Dahası, asgari ücret açlık sınırının altında ve aradaki fark giderek açılıyor. Temmuz’da artış gerekiyor. Asgari ücretin çok altında maaş alan emekliler var. Durumlarının düzeltilmesi şart. Oysa bu yönde bir niyet emaresi (şimdilik) yok. Zaten asgari ücretlinin ya da emeklinin sesi çıkmıyor. Sendikalaşma oranı çok düşük. Resmi verilere göre yüzde 15’in altında. O sendikaların bir kısmının da çalışanın hakkını ne derece savunduğu şüpheli. Emekliler için zaten sendika söz konusu değil.

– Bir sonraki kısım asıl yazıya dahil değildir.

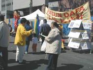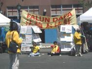 大法学员已是第二次参加这个集会。黄底红字的中英文“法轮大法好”悬在两个大展板上,非常醒目。生动形象的展板向人们展示着大法的洪传,江泽民的无耻迫害,和大法弟子不畏艰险坚持真理的无私牺牲精神。功法演示吸引了很多游人驻足观看。大法弟子祥和慈悲的精神状态,优美舒展的功法动作,整个能量场非常温暖和谐。欢喜的人们纷纷索取大法资料,到结束时,最后一张资料也送了出去。

Şirketler kesimi de çok memnun olmasa gerek uygulanan programdan. Elbette homojen değil bu kesim. Bir kısmı verimsiz; ancak düşük ücret ve yüksek kur ile ayakta kalabiliyor. Kurun gidişatından şikâyetçiler. Asgari ücret temmuzda yükseltilirse hoşnutsuzlukları iyice artacak. Bu sorunlardan aynı derecede muzdarip olmasalar da kredi faizlerinin yüksekliğinden şikâyetçi olanlar da var. Bir de krediye erişim sorunu mevcut; zira kredi artış oranı üstten sınırlanmış durumda. Öte yandan hem yakın geçmişe hem de yakın geleceğe ilişkin üretim hacmi, sipariş ve istihdam bekleyişlerini özetleyen reel kesim güven endeksi, reel kesimin güveninin azalmakta olduğunu gösteriyor. Merkez Bankası dün haziran sonuçlarını açıkladı. Reel kesim güven endeksi Haziran 2023’ten bu yana düşme eğiliminde. Hiç şüpheniz olmasın, bu koşullar altında, reel kesimden karar alıcı en üst makama şikayetler giderek artıyor olmalı.
Soru şu: Siyaset bu duruma ne kadar sabreder? Üç yol var siyasetin önünde. Birincisi, sabretmemek: “Hayırlara vesile olmayacağı” açık. İkincisi, programı bu haliyle (ek vergi önlemleri ile destekleyerek) sürdürmek: Kamu bütçesi düzelir ve enflasyon 2025’te yüzde 25 civarına düşer. Ama mustarip sayısı çok olur. Üçüncüsü, mevcut programı tahkim etmek: Adil ve hızlı çalışan bir hukuk sistemi, liyakatin atamalarda temel kriter olması, ihale yasasının sil baştan yazılması, TCMB, BDDK ve TÜİK gibi kurumların bağımsızlığı, servet vergisi, kamunun verimliliği artırıcı yönde politikaları -özellikle küçük ve orta ölçekli şirketlere öğretmesi ve uygulanmasına nezaret etmesi, yani sanayi politikası. Bu yolun sonu mutluluk getirir. Ama mevcut hukuk sistemine ilişkin gelişmeler, vergi paketinden çıkarıldığı söylenen düzenlemeler ve faiz politikası hakkındaki son demeçler ne yazık ki bu üçüncü yolun seçilme olasılığının oldukça düşük olduğunu gösteriyor.